Once I was on the mooring, I was able to let down, and I realized I was still very queasy. Usually the quease subsides once I stop moving, but not this time. It continued into the next day, and most of the way home. I was able to easily fix my furler the next morning, but once I stopped focusing on that, I felt so sick that I had to go to land for a few hours before heading home. Thankfully the island did not disappoint with her emerald green hills and impressive serenity. A long walk helped me to re-calibrate a bit. I was more saddened by my sea sickness than by retiring from my qualifier. It feels like such a cruel joke to get sick doing the thing I love the most. I love it too much to stop though, and am now determined to find the perfect sea sickness remedy for these shorter offshore trips.

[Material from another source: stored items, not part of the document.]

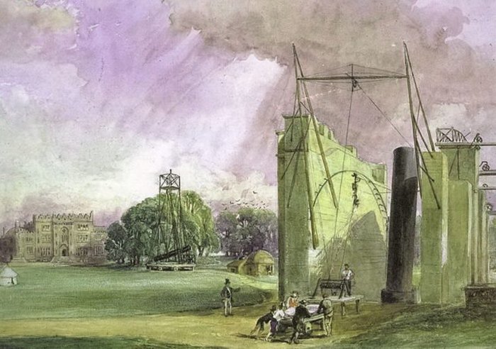 Обсерватория лорда Росса в замке Бирр (Ирландия). Здесь находился его 72-дюймовый (183-сантиметровый) телескоп под названием «Левиафан». Гравюра на медной пластине 1860 года.
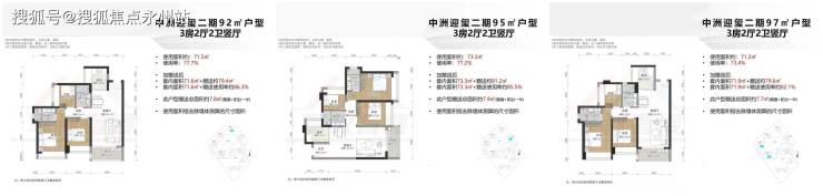 约97平3房2厅2卫,更阔绰、舒适:户型设计和93平差不多,只是朝向上略有不同,尺度更加阔绰,适合预算和生活追求更高一点的精英家庭。
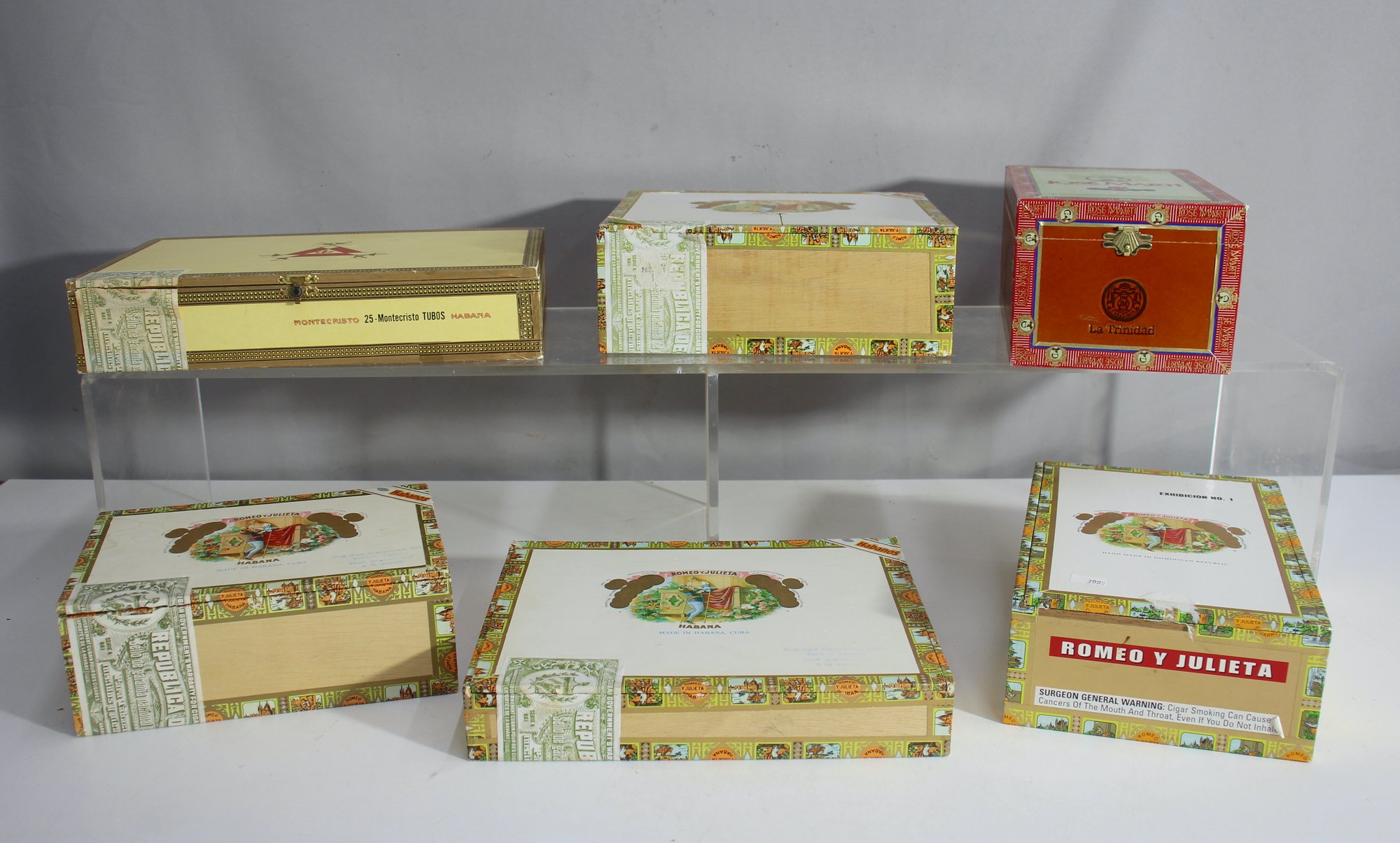 A collection of six vintage Cuban cigar boxes, including iconic brands such as Romeo y Julieta. These boxes showcase intricate designs, traditional branding, and vibrant colors, reflecting the timeless craftsmanship of Cuban cigar packaging.

The beauty always wins, and as I write this, I am reminded that sailing is my solace, and something I do to feed my soul. It is so easy to get sucked into proving and pushing as I get more into solo offshore racing, but this trip reminded me to slow down and connect to my why. For me it is all about connecting to myself more deeply. Sailing gives me that, and when I slow down enough to listen to my gut and remember the pleasure that I am seeking, I can be kinder to myself when snafus happen and I need to turn around. Of course if I were in my way to Hawaii, I would have continued and would have had to fix the furler underway…or perhaps I would have waited to daylight. The point is though, that I was doing this for myself, and I was close to land with a safe and easy way to take care of myself. I’m proud to have chosen that.